Jan 20, 2009
This morning we learnt that some westerners must give the impressions that everyone has a massive breakfast, but I don't think we helped that by eating it all!
Today we had the orphanage, Dhammaraknivet Project II, and the HIV AIDs Hospice, Wat Phra Baht Nam Phu.
The area around the orphanage started out as an AID's hospital. It now caters for the poor, homeless, sick and any other Thai's in need - and the some 300 resident dogs. People now come here through education now that they know HIV simply cannot be contracted by living next to ainfected person. The land has being donated by the Head Monk which has brought recognition of the area and therefore increased funding. Through this, they have being able to build many small bungalows so families can sstay together. Those that are able to are trained up to work in the community as a gardener, nurse, builder or anything else that they need.
The orphange has recently being upgraded somewhat so the children now sleep on bunk beds instead of matresses on the floor. They also have a special part in the orphange where the HIV infected chirlden go 7am and 7pm every day to have their medication. There are about 85 children ranging in age who live here, and about 55 of them have HIV.
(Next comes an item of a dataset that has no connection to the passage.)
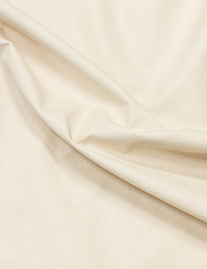 Ткань Эко-Кожа с гипюрным рисунком молочный

Our tour through the orphange shows that they have so many donations of soft toys that they actually send them off to other, less-fortunate homes. Soft toys probably aren't the first thing that they need, but its the easy present. We bought them equipment they could use in the school, and some books from Australia, so the English teacher at the school might be reading Possum Magic at some stage to the kids! We also saw the music concert hall full of instruments that has being built from donations raised by the Former Thai Miss World.
At 11:30am the children wander back from the nearby school for a lunch of steamed rice, chicken with veg, and a deep fried egg. They left their shoes by the door, picked up a lunch tray and we served them their lunch! Some were so young they couldn't see over the table! The local Mister Donut had donated several boxes of assorted donuts for desserts for the children - and it was clear this was the highlight of the day! After they had eaten, they sang us a song that was beautiful - that was their thankyou for serving them lunch.
After our lunch we headed for the hillsfor the AIDs village. THis is part of a monestry also on land donated by the Head Monk. THis is where people with HIV or AIDs come if they have being emancipated from their community, are too poor, or they have no one to take care of them, or no one wants to take care of them. THis monestry must be also attached to the Miss Worlds, as there are a few pictures here incluyding Jen Hawkins back when she won Miss World.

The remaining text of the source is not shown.